* Task goal *
Pictures are to be dropped from the copy. Retype the listing exactly.

* Information provided *
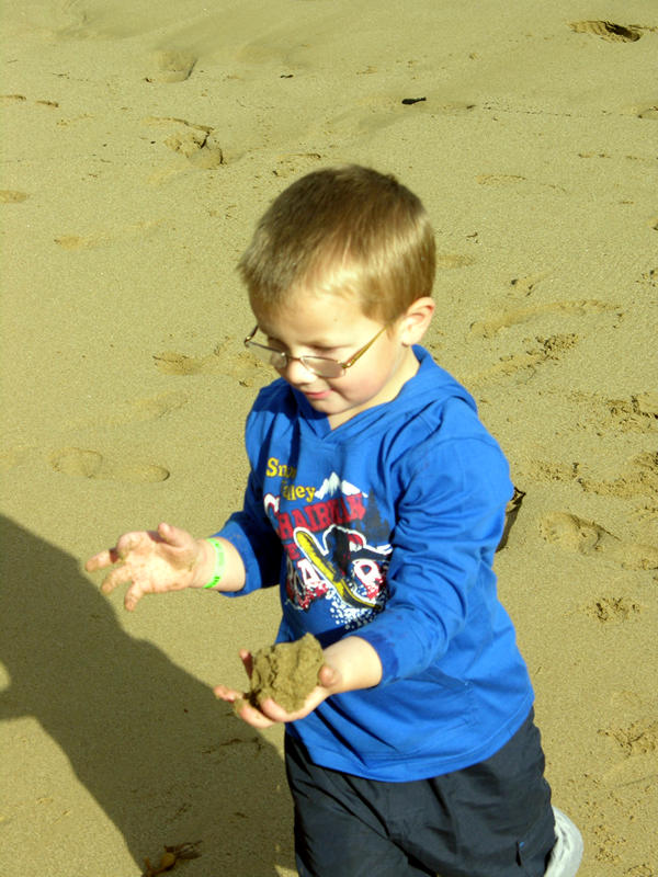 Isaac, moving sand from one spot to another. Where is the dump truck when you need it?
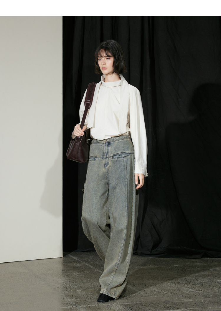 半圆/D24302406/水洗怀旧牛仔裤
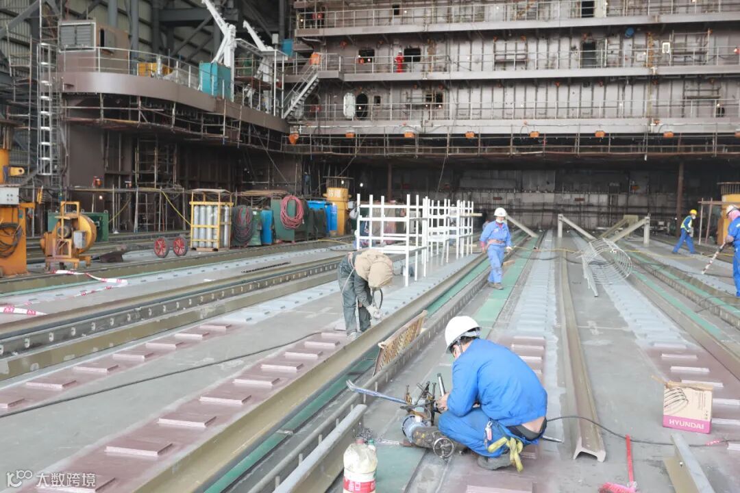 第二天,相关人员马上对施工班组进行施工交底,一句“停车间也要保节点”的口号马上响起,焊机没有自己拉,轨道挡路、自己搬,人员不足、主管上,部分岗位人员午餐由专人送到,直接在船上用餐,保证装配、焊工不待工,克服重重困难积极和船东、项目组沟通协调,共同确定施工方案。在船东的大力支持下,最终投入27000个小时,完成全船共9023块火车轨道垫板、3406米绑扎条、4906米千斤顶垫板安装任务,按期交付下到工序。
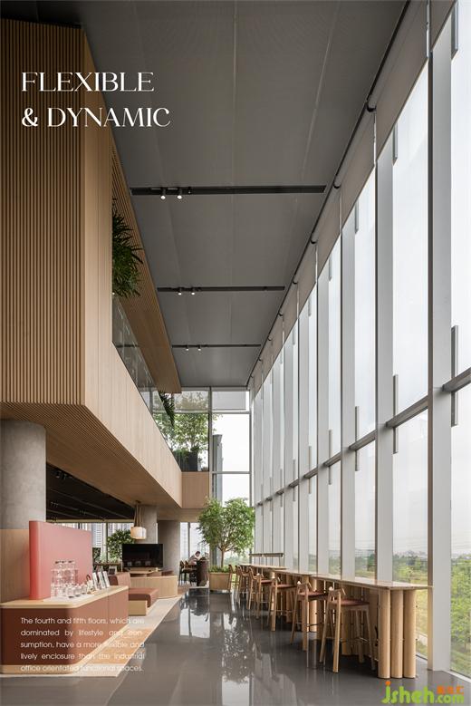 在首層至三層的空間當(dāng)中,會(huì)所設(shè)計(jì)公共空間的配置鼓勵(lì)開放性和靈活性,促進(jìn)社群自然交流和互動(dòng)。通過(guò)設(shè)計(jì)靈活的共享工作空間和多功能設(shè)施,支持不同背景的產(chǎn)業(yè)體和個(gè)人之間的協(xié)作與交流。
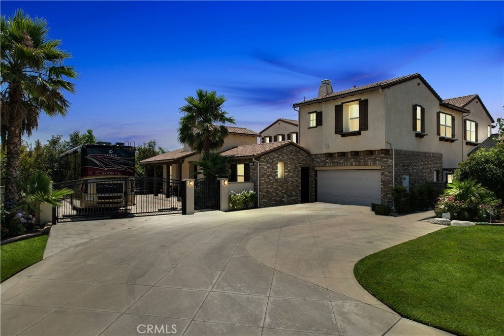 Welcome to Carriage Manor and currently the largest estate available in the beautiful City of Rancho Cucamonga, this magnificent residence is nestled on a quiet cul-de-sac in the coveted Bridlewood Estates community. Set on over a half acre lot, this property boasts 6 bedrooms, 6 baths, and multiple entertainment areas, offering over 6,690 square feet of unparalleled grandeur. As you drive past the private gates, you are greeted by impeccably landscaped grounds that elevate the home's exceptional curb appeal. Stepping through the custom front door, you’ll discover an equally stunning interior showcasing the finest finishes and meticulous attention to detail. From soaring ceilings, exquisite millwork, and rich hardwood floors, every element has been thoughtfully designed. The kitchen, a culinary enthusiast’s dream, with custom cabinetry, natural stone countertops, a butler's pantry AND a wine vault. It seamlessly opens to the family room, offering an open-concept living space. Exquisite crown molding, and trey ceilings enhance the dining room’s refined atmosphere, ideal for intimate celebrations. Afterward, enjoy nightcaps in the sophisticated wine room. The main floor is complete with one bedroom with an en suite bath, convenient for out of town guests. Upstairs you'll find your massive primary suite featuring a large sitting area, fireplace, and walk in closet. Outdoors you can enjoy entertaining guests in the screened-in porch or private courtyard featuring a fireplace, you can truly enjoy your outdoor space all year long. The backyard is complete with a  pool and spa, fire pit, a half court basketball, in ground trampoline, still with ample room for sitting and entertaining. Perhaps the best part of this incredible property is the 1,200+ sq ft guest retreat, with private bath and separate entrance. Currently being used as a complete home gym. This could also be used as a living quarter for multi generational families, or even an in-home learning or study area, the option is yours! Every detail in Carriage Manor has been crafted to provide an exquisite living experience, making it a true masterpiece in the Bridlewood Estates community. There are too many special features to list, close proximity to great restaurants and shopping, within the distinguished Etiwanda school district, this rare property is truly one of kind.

* Solution below *
 Isaac, moving sand from one spot to another. Where is the dump truck when you need it?
 半圆/D24302406/水洗怀旧牛仔裤
 第二天,相关人员马上对施工班组进行施工交底,一句“停车间也要保节点”的口号马上响起,焊机没有自己拉,轨道挡路、自己搬,人员不足、主管上,部分岗位人员午餐由专人送到,直接在船上用餐,保证装配、焊工不待工,克服重重困难积极和船东、项目组沟通协调,共同确定施工方案。在船东的大力支持下,最终投入27000个小时,完成全船共9023块火车轨道垫板、3406米绑扎条、4906米千斤顶垫板安装任务,按期交付下到工序。
 在首層至三層的空間當(dāng)中,會(huì)所設(shè)計(jì)公共空間的配置鼓勵(lì)開放性和靈活性,促進(jìn)社群自然交流和互動(dòng)。通過(guò)設(shè)計(jì)靈活的共享工作空間和多功能設(shè)施,支持不同背景的產(chǎn)業(yè)體和個(gè)人之間的協(xié)作與交流。
 Welcome to Carriage Manor and currently the largest estate available in the beautiful City of Rancho Cucamonga, this magnificent residence is nestled on a quiet cul-de-sac in the coveted Bridlewood Estates community. Set on over a half acre lot, this property boasts 6 bedrooms, 6 baths, and multiple entertainment areas, offering over 6,690 square feet of unparalleled grandeur. As you drive past the private gates, you are greeted by impeccably landscaped grounds that elevate the home's exceptional curb appeal. Stepping through the custom front door, you’ll discover an equally stunning interior showcasing the finest finishes and meticulous attention to detail. From soaring ceilings, exquisite millwork, and rich hardwood floors, every element has been thoughtfully designed. The kitchen, a culinary enthusiast’s dream, with custom cabinetry, natural stone countertops, a butler's pantry AND a wine vault. It seamlessly opens to the family room, offering an open-concept living space. Exquisite crown molding, and trey ceilings enhance the dining room’s refined atmosphere, ideal for intimate celebrations. Afterward, enjoy nightcaps in the sophisticated wine room. The main floor is complete with one bedroom with an en suite bath, convenient for out of town guests. Upstairs you'll find your massive primary suite featuring a large sitting area, fireplace, and walk in closet. Outdoors you can enjoy entertaining guests in the screened-in porch or private courtyard featuring a fireplace, you can truly enjoy your outdoor space all year long. The backyard is complete with a  pool and spa, fire pit, a half court basketball, in ground trampoline, still with ample room for sitting and entertaining. Perhaps the best part of this incredible property is the 1,200+ sq ft guest retreat, with private bath and separate entrance. Currently being used as a complete home gym. This could also be used as a living quarter for multi generational families, or even an in-home learning or study area, the option is yours! Every detail in Carriage Manor has been crafted to provide an exquisite living experience, making it a true masterpiece in the Bridlewood Estates community. There are too many special features to list, close proximity to great restaurants and shopping, within the distinguished Etiwanda school district, this rare property is truly one of kind.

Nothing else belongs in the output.